**Task brief**.
A faithful copy is required: retype the records from their first line through the line with "TABLE TOPS SOLID WOOD & VENEER", and omit the pictures.

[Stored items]

※

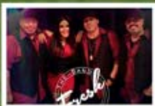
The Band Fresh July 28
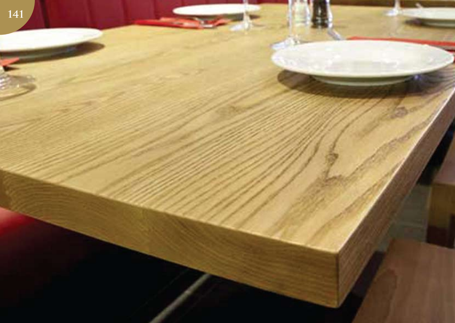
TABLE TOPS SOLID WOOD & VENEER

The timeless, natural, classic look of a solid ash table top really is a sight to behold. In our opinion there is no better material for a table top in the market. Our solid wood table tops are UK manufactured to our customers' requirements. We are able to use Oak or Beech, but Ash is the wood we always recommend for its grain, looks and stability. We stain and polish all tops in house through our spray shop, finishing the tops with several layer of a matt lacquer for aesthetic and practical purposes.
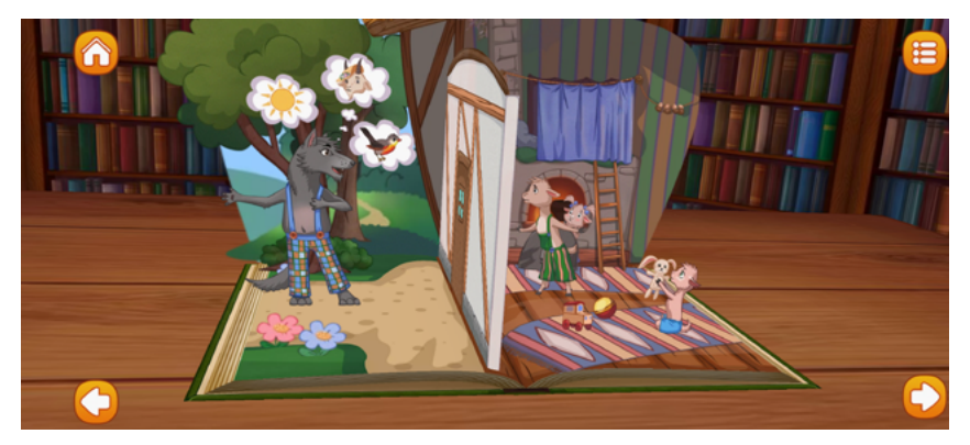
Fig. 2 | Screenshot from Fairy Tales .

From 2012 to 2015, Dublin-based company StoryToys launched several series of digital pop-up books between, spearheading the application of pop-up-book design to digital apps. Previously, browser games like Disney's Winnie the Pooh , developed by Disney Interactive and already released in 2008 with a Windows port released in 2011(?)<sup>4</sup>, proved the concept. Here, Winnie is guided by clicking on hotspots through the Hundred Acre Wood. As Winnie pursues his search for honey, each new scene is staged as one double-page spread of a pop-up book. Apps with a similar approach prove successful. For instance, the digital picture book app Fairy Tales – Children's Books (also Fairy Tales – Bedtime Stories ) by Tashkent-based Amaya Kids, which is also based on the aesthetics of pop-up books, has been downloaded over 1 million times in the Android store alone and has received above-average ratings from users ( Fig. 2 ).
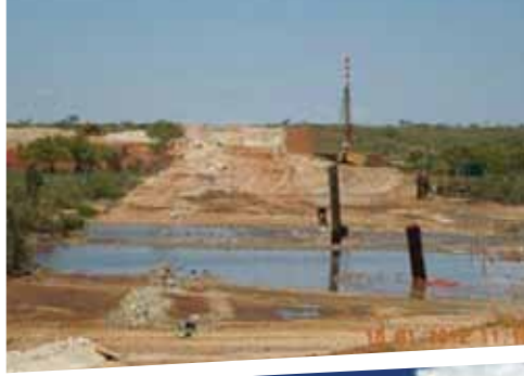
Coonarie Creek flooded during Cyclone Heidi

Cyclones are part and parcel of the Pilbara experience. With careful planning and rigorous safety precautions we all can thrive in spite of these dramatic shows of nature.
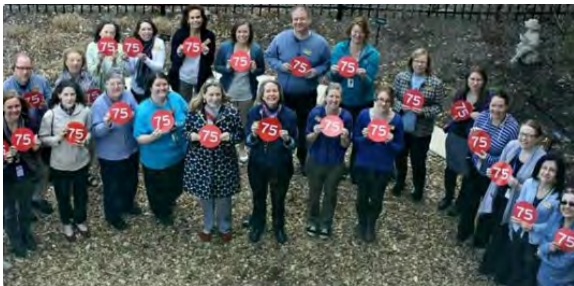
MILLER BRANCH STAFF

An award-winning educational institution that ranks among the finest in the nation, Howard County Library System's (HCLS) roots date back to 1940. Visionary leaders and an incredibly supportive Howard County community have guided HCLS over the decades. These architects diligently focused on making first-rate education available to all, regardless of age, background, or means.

※

**Exercise answer**.
The Band Fresh July 28
TABLE TOPS SOLID WOOD & VENEER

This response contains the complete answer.